The second letter to Napoleon III was written in 1869 as part of the
larger collection of Tablets to the Monarchs called the Tablet of the
Temple (Surat al-Haykal). Bahá'u'lláh began by instructing the emperor to
have his priests cease ringing the church bells in anticipation of Christ's
second coming, since Bahá'u'lláh was himself that advent. In an aside, he
addressed the monks of the Roman Catholic church, urging them to abandon
their seclusion in monasteries and to take up useful work and to marry and
produce offspring who would praise God after their deaths. He also urged
holy men to forsake vegetarianism, saying he had allowed the eating of
meat.
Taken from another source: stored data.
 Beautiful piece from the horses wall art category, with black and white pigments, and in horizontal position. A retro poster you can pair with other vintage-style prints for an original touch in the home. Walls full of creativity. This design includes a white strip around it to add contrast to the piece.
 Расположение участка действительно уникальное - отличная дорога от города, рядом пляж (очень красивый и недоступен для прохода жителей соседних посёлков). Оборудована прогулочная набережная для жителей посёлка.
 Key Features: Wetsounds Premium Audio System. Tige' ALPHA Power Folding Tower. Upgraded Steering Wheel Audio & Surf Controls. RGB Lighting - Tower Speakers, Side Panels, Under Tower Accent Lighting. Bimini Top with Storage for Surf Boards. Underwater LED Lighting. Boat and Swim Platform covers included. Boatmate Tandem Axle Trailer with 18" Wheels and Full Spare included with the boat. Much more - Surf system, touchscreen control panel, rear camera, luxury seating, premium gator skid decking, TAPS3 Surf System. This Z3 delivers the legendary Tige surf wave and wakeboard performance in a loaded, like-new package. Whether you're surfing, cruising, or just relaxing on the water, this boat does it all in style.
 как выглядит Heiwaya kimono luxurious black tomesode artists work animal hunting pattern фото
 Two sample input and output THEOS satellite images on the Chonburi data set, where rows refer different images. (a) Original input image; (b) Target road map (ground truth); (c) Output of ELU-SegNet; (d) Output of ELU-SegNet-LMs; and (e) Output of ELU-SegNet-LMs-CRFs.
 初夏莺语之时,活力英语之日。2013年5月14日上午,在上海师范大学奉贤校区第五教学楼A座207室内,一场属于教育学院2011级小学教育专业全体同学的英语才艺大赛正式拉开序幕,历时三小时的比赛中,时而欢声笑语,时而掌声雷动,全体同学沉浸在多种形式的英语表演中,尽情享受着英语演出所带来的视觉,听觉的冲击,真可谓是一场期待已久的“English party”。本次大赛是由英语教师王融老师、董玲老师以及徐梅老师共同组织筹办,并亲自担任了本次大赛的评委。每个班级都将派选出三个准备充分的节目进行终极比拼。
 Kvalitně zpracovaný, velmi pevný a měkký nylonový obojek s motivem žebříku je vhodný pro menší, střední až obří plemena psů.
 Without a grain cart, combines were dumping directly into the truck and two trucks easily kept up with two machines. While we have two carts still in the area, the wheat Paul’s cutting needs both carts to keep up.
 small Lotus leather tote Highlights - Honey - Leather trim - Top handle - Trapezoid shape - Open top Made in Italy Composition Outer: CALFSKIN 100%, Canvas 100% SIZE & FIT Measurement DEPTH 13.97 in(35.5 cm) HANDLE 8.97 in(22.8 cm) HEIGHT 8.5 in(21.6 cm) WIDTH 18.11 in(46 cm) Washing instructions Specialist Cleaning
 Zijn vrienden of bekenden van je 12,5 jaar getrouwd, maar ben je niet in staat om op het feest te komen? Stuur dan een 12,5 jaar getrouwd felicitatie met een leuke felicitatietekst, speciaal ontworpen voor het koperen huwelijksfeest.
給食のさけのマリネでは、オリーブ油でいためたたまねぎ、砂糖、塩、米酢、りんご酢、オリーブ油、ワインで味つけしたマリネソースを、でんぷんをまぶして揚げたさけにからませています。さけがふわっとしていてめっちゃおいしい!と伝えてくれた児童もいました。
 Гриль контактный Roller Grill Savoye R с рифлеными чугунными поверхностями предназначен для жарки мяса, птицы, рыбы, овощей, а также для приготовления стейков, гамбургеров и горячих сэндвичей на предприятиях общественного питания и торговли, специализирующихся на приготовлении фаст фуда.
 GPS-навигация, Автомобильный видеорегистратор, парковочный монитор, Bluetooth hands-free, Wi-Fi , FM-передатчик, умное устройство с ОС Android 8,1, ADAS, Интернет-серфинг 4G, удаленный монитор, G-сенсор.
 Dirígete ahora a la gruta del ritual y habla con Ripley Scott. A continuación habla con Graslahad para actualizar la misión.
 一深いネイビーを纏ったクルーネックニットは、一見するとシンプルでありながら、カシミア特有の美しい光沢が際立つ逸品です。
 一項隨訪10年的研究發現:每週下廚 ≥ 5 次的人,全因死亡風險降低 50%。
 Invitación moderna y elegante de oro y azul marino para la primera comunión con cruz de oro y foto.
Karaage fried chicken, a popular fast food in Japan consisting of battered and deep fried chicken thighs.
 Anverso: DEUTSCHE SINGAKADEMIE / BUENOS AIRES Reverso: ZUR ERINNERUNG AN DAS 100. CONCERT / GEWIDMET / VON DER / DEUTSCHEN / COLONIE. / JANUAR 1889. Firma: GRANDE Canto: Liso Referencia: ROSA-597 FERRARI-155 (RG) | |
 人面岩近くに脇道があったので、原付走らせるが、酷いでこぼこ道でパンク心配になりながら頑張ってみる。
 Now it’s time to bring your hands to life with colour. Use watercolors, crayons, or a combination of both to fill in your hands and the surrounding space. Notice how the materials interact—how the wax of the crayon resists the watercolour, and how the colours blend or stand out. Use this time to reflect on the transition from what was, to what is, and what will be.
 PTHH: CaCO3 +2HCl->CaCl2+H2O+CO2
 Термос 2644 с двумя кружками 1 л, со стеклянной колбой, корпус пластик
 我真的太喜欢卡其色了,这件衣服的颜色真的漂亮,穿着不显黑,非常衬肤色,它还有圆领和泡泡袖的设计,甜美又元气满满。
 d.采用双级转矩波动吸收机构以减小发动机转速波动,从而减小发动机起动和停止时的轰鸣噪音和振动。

Bahá'u'lláh complained to Napoleon III that while he claimed to have
intervened in the Crimean War in order to save the innocent, he had
declined to help the innocent Bahá'ís, and had haughtily cast Bahá'u'lláh's
previous letter behind his back. "For what thou has done," he wrote, "thy
kingdom shall be thrown into confusion, and thine empire shall pass from
thy hands, as a punishment for what thou hast wrought." (POB, p. 31). He
urged the emperor to be just to his subjects and to the poor. In another
aside, he urged the Bahá'ís to spread the new religion, by first acquiring
excellent moral qualities, by wisdom and and exposition, and by avoiding
arguments. He called upon the rich to be humble before the poor, and to
engage in philanthropy. He announced the establishment of four great holy
days, commemorating the manifestation of God's names (at Ridvan), the
sending of a messenger to announce Bahá'u'lláh's advent, and two others,
which he said would be specified in a Book. (Bahá'u'lláh discussed the holy
days of his religion more extensively later, in the Most Holy Book [al-Kitab
al-Aqdas] of 1873). In concluding, he said that all the people of the world
should be seen as one. This letter was smuggled out of the Akka prison and
delivered to Cesar Ketaphakou, son of the French consul in Akka, who
translated it into French and sent it on to Paris. Ketaphakou later became
a Bahá'í on seeing the prophecy of Napoleon III's fall fulfilled when he was
defeated at Sedan by the Prussians in 1870 (SAQ 33, PDC, 51).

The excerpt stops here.